◆ WORK TASK ◆
Copy the data below exactly, omitting any picture it contains.

◆ DATA SECTION ◆
- - - - -

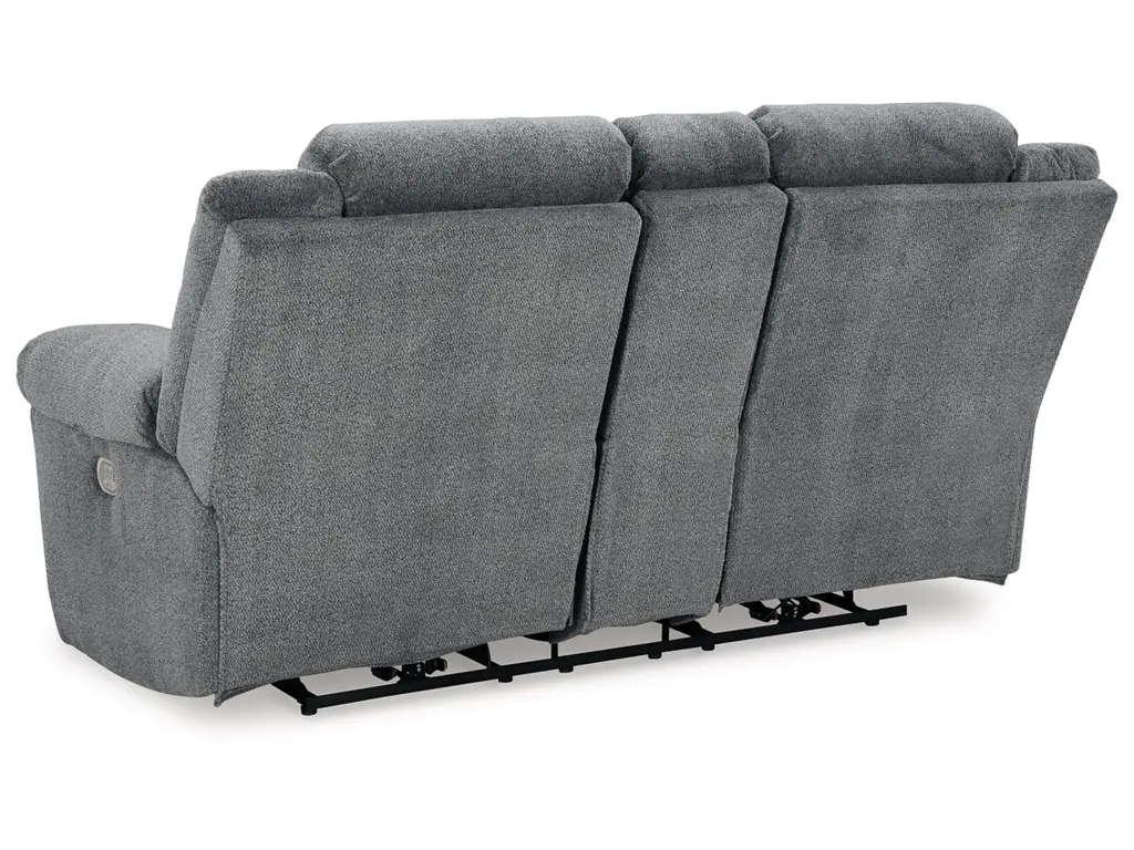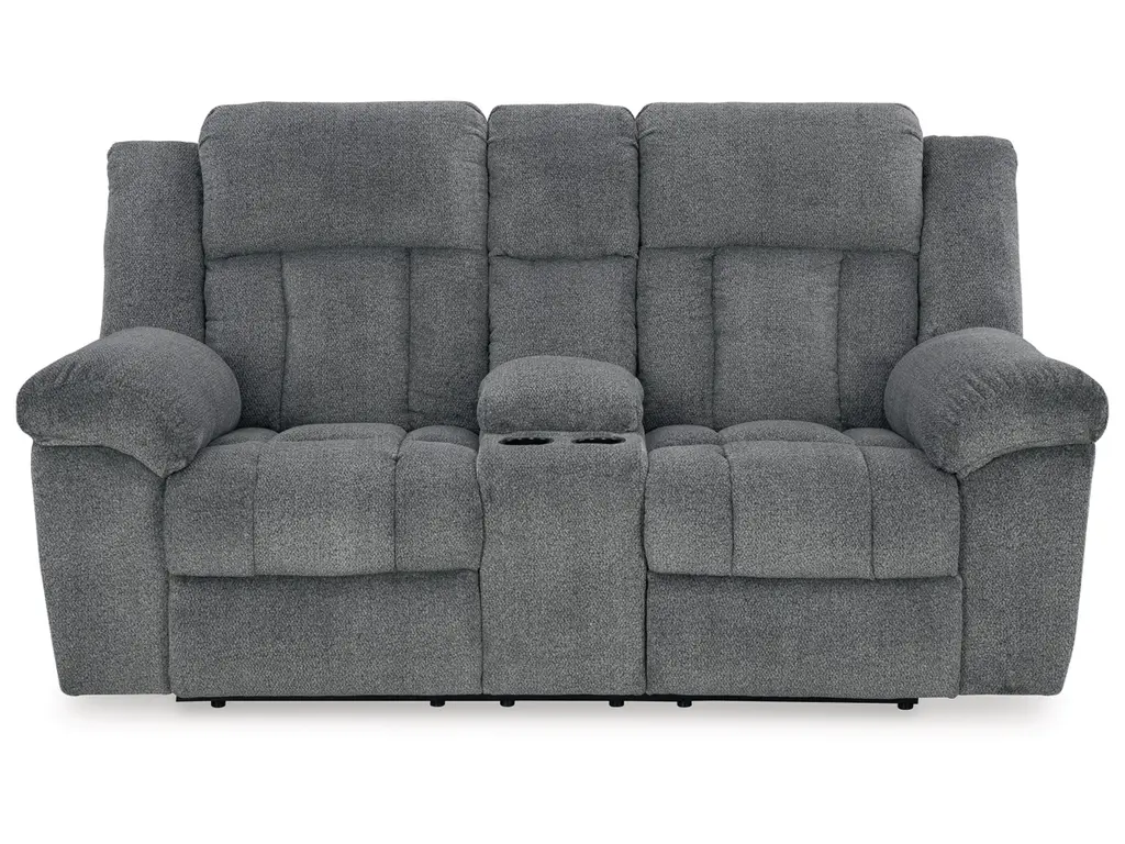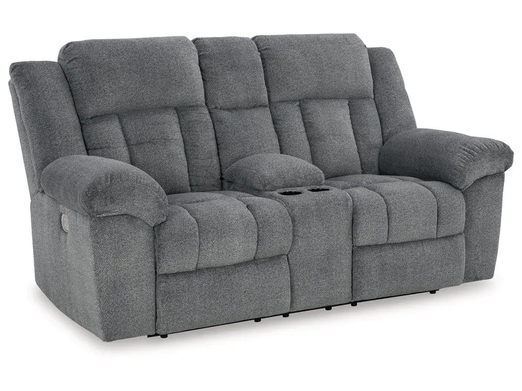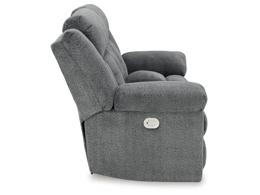 Big, bold comfort. Game time and movie nights meet their match with the Tip-Off power reclining loveseat. Made for ultimate indulgence, an extra-deep seat encourages you to sit back and bliss out. Customize the recliner and headrest to find your ideal viewing position with effortless one-touch controls. And with plush upholstery in a trendy hue, you won’t need to sacrifice style for cozy seating.
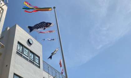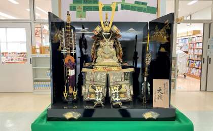 端午の節句が近づいてきました。校庭にはこいのぼりが泳ぎ、図書室前には五月人形を飾っています。鎧兜が身を守ることから、病気や事故などから子どもの体を守り、力強く育って欲しいという願いを込めて飾っています。子どもたちは季節の行事を楽しんでいます。
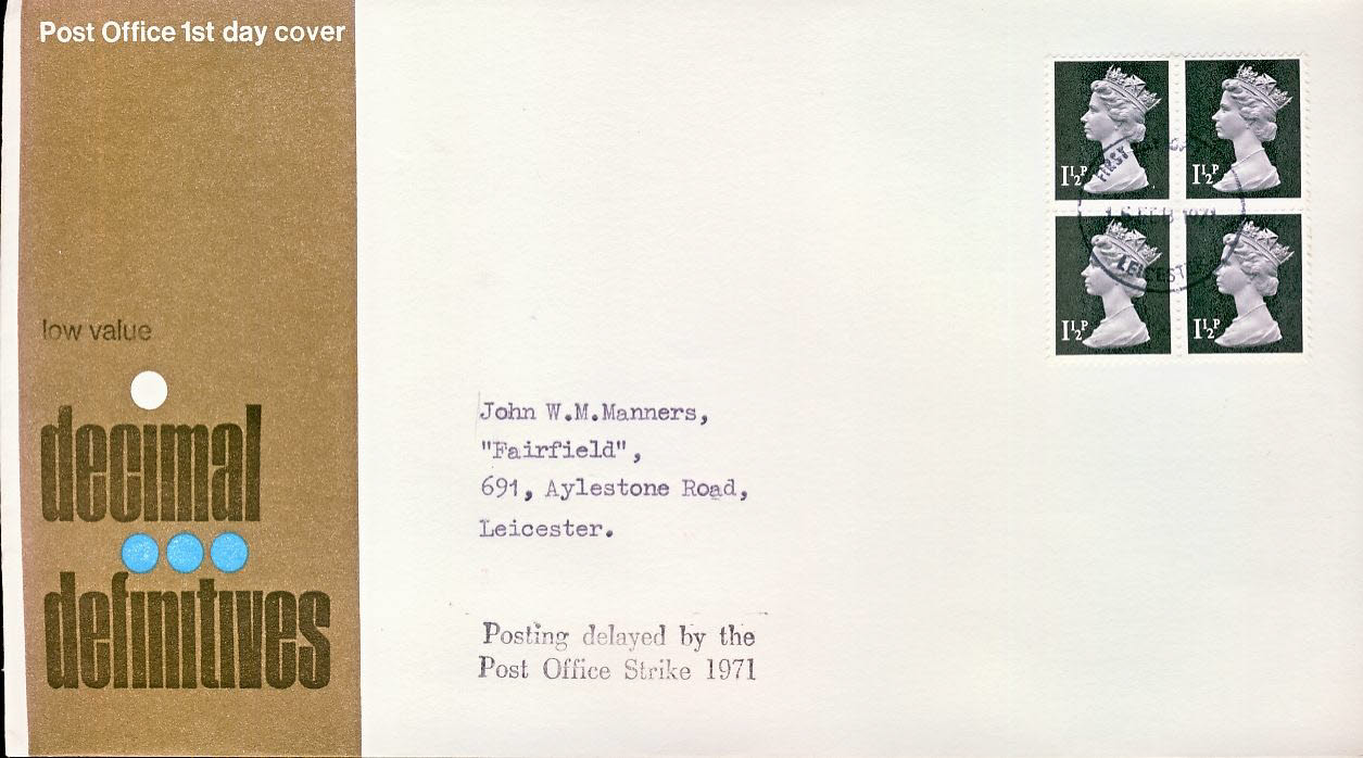 1971 Postal Strike 1 1/2p Decimal Definitives Stamps First Day Cover LEICESTER refcd429

- - - - -

◆ SOLVED PROBLEM ◆
 Big, bold comfort. Game time and movie nights meet their match with the Tip-Off power reclining loveseat. Made for ultimate indulgence, an extra-deep seat encourages you to sit back and bliss out. Customize the recliner and headrest to find your ideal viewing position with effortless one-touch controls. And with plush upholstery in a trendy hue, you won’t need to sacrifice style for cozy seating.
 端午の節句が近づいてきました。校庭にはこいのぼりが泳ぎ、図書室前には五月人形を飾っています。鎧兜が身を守ることから、病気や事故などから子どもの体を守り、力強く育って欲しいという願いを込めて飾っています。子どもたちは季節の行事を楽しんでいます。
 1971 Postal Strike 1 1/2p Decimal Definitives Stamps First Day Cover LEICESTER refcd429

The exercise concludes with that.